В 1887 г. во время полного солнечного затмения, которое должно было быть хорошо видно из Клина, Московской губ., за 17 верст откуда было имение Боблово Дмитрия Ивановича, он, как многим известно, захотел подняться на воздушном шаре для наблюдения над солнечной короной. Он сам описал этот свой полет, рассказ о нем был им помещен в Северном Вестнике и потом издан отдельно. Я же хочу коснуться некоторых боле легких подробностей, касающихся полета.

Дмитрию Ивановичу было уже 53 года, но он был еще очень бодр, жив и энергичен. Его младшие дети близнецы были еще грудные тогда, и девочку кормила Анна Ивановна сама. Старшей дочери их в это время было 5 лет, сыну 3 года.

Накануне дня затмения, 6 августа, Дмитрий Иванович с своим старшим сыном Владимиром Дмитричем, тогда мичманом флота, поехал в Клин и остановился у тогдашнего городского головы Воронова. Жене же и всем нам он не велел ездить смотреть на полет, чтобы ему не волноваться: но жена и мы, родные его, жившие тогда в Боблове, решили его не послушать и поехали все в четырех тарантасах с ночи, потому что затмение должно было начаться, в 5 ч. утра.
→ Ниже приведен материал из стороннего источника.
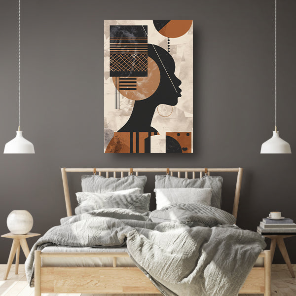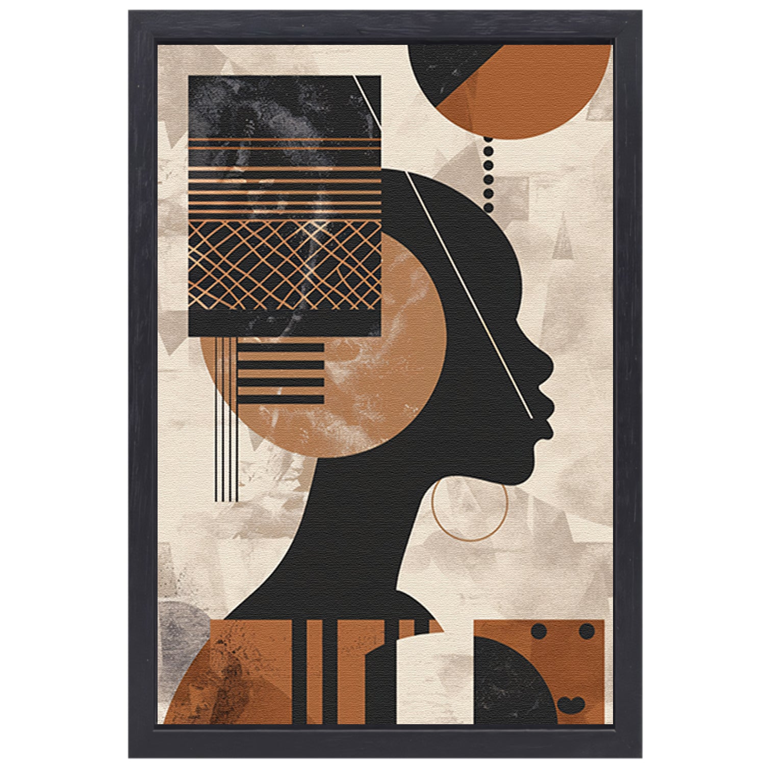 Geometrisch Silhouet in Aardetinten met Goud canvas met baklijst

Дома остались только дети, прислуга и старушки: мать моя и мать Анны Ивановны.

Едва начало рассветать, когда мы выехали в осеннюю, уже холодную ночь. Когда же мы подъехали к пустырю в город, среди которого колыхался громадный желтоватый, наполовину наполненный газом шар, было уже совсем светло.

Огромная площадь глухого городка была сплошь полна народом: горожанами, дачниками, крестьянами и зрителями, приехавшими из Петербурга и Москвы в экстренных поездах смотреть затмение и полет. Мы стояли в большой толпе, и Дмитрий Иванович нас не видел. Около него был его сын, воздухоплаватель Кованько, тогда молодой офицер, и художник Репин.

Было около 5 ч. утра, но солнце скрывалось за тучами, было сыро, холодно и как-то жутко. Дмитрий Иванович был весел и спокоен. Шар надувался все больше и больше и походил на большую гору, веревки напрягались.

В толпе около меня стояло несколько мужиков. Вдруг слышу, как один из привезших нас Бобловских мужиков, Степан, которого Дмитрий Иванович любил за обстоятельность и добродушие, говорит со свойственной ему шутливостью:

– А я ему брат, Митрию Ивановичу-то.

– Ну, что врешь?

– Ей-богу, правда. Вот пойдет мимо, сейчас меня братом назовет.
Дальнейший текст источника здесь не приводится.